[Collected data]
□ □ □

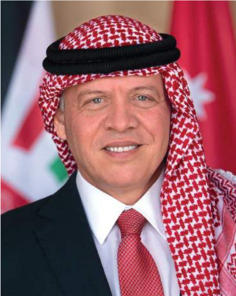
حضرة صاحب الجلالة الملك عبدالله الثاني بن الحسين المعظم
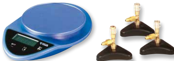
BILANCIA PER CADDY FOX 5
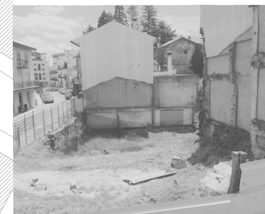
Lateral do lote, direcionada a Oeste
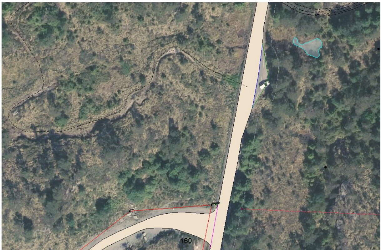
Figur 3 Ortofoto
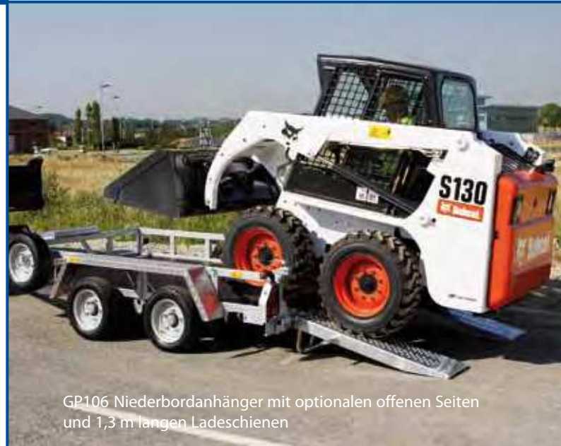
GP106 Niederbordanhänger mit optionalen offenen Seiten und 1,3 m langen Ladeschienen

Hochbordmodelle sind mit eingelassenen Seiten und einem optionalen Auflagebock für Baggerarme ausgestattet. Diese Option ist ideal für die flexible Nutzung des Anhängers; gewöhnlicherweise mit höheren, sichereren Seitenwänden als die Allzweck-Anhänger.
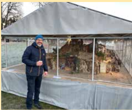
Julekrybben 2020 åpnet
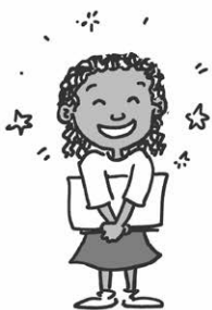
ГЭББИ М. СТАРОСТА КЛАССА.
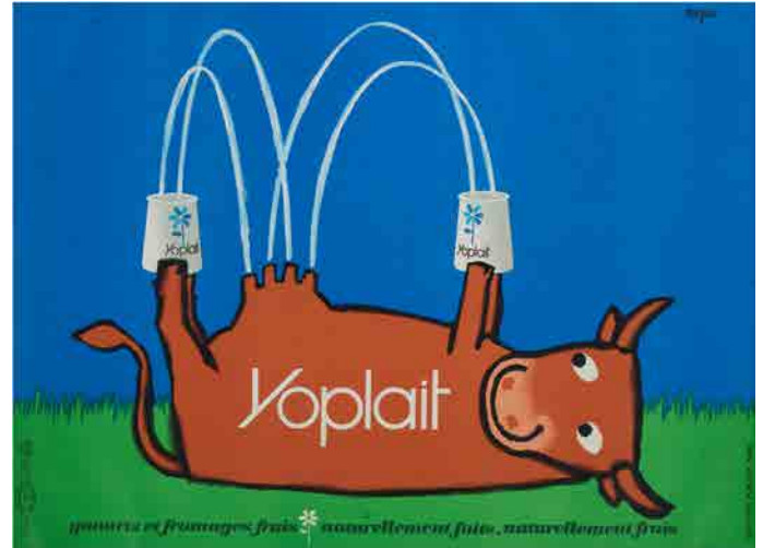
⑤《ヨープレート》1965年、パリ市フォルネー図書館所蔵 © Annie Charpentier 2018

パリ市フォルネー図書館の協力の下、大きいもので約3×4メートルにもおよぶポスターの来日を実現しました。リトグラフの技法で作られた当時のポスターは、現代の印刷物では味わうことのできない鮮やかさや風合いがあります。パリの街角のポスターに、約半世紀のときを超えて出会う喜びを堪能してください。
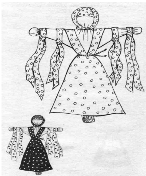
Рис. 2. Вариант оформления костюма «Купавка»

Таким же образом выполнялась кукла Купавка. На рукавах у нее вязывали яркие лоскуты и ленты (рис. 2). Это была кукла одного дня, бытовавшая в Рязанской, Тульской, Владимирской и Калужской губерниях. Купавка олицетворяла начало купаний. Ее сплавляли по воде, и тесемки, привязанные к ее рукам, забирали с собой людские болезни и невзгоды – такое значение придавалось очистительной силе воды. Это кукла праздников Аграфены Купальницы и Ивана Купала (6 и 7 июля по новому стилю).
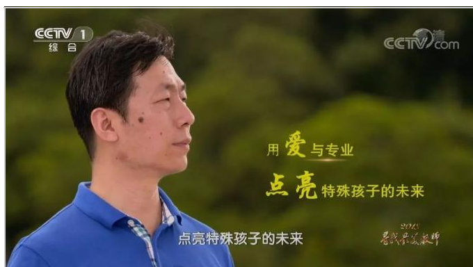
1996级特殊教育专业毕业生、全国模范教师、 全国最美教师申承林参加教育部教育家精神宣讲

未来，学部将以“打造西部教育研究高地，跻身国际一流教育学科行列，培养高层次教育人才，服务国家与区域教育发展”为目标，以一流学科建设为龙头，立足西部，面向全国，放眼全球，不断增强对西部教育的辐射力和影响力，努力成为“我国西部教育研究的重镇、卓越教师和拔尖创新人才培养的摇篮”，为学校加速发展高质量发展作出应有的贡献。
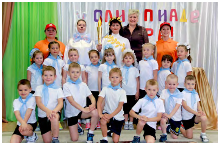
И пусть победит сильнейший

Маленькие летние олимпийские игры в детском саду «Росинка», которому в будущем году исполнится 25 лет со дня открытия, стали уже доброй традицией. Здесь постоянно проводятся мероприятия, направленные на нравственно-патриотическое воспитание детей, пропаганду
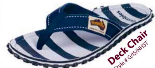
Deck Chair Style # G/IS/NHST
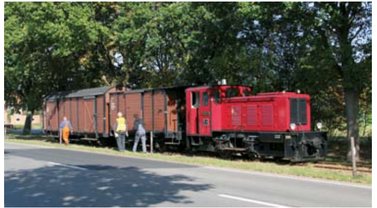
Zum Mittagessen am ersten Tag des Gleisbaumeetings ging es per Kleinbahn: Mit V 4 EMDEN kamen die DEV-Aktiven, Aufenthaltswagen 144 und Rottenwagen 145 nach Asendorf. 7. Oktober 2019.

□ □ □

**WORK REQUEST:** What you write out is the stretch of entries from the line containing "⑤《ヨープレート》1965年、パリ市フォルネー図書館所蔵 © Annie" to the line containing "Рис. 2. Вариант", word for word, with both end lines and no pictures.

**WORKED SOLUTION:**
⑤《ヨープレート》1965年、パリ市フォルネー図書館所蔵 © Annie Charpentier 2018

パリ市フォルネー図書館の協力の下、大きいもので約3×4メートルにもおよぶポスターの来日を実現しました。リトグラフの技法で作られた当時のポスターは、現代の印刷物では味わうことのできない鮮やかさや風合いがあります。パリの街角のポスターに、約半世紀のときを超えて出会う喜びを堪能してください。
Рис. 2. Вариант оформления костюма «Купавка»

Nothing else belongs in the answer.